Retype the records below from their first line through the line holding "ALL-NEW '60 THUNDERBIRD", including both ends and no pictures.

[Items from a data source]
___

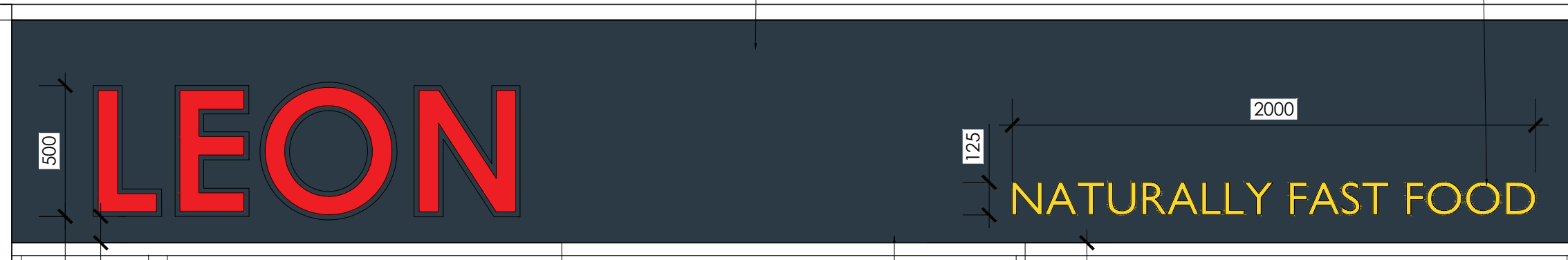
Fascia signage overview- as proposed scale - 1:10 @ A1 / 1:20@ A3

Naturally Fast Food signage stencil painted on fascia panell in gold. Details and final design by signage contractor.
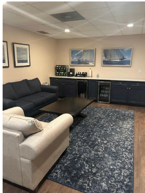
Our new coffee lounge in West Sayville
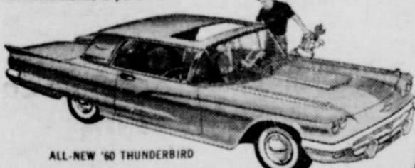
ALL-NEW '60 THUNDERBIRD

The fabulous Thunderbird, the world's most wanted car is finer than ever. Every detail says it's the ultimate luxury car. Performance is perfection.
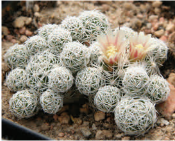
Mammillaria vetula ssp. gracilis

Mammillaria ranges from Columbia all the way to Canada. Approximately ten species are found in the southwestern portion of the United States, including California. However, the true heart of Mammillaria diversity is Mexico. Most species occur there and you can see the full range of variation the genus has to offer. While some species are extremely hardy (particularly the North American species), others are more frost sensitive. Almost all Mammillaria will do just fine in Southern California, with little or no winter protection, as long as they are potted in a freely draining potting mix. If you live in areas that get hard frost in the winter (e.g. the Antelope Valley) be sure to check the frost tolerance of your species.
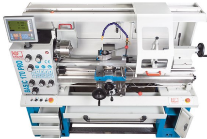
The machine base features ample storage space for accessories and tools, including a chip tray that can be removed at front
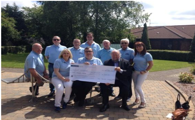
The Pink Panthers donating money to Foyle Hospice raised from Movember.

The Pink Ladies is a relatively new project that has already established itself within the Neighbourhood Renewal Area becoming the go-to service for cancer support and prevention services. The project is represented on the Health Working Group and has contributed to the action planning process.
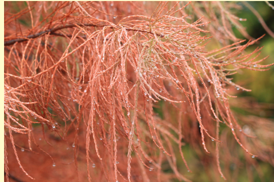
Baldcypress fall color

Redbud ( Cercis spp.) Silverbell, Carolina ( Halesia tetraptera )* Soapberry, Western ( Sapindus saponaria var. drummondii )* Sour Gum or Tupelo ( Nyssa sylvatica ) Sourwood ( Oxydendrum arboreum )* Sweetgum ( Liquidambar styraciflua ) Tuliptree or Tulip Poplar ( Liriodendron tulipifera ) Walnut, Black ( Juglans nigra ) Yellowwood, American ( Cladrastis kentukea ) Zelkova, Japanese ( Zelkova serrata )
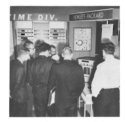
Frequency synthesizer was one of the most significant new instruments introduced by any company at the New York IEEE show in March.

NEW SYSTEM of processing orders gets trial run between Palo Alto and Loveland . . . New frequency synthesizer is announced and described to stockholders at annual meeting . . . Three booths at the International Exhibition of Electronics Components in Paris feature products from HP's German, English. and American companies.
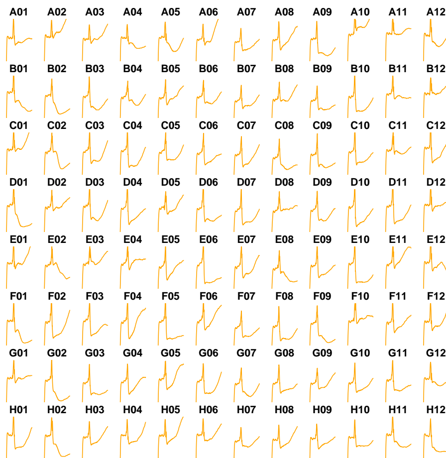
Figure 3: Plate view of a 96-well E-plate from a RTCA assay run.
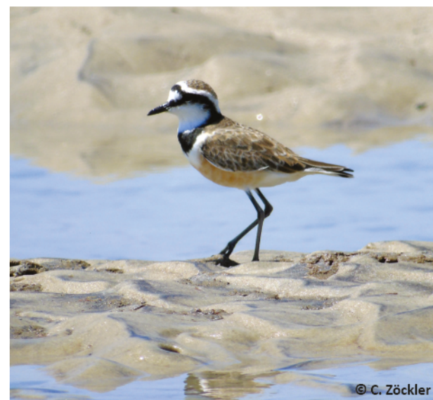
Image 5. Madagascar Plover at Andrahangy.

___

» Exercise answer:
Fascia signage overview- as proposed scale - 1:10 @ A1 / 1:20@ A3

Naturally Fast Food signage stencil painted on fascia panell in gold. Details and final design by signage contractor.
Our new coffee lounge in West Sayville
ALL-NEW '60 THUNDERBIRD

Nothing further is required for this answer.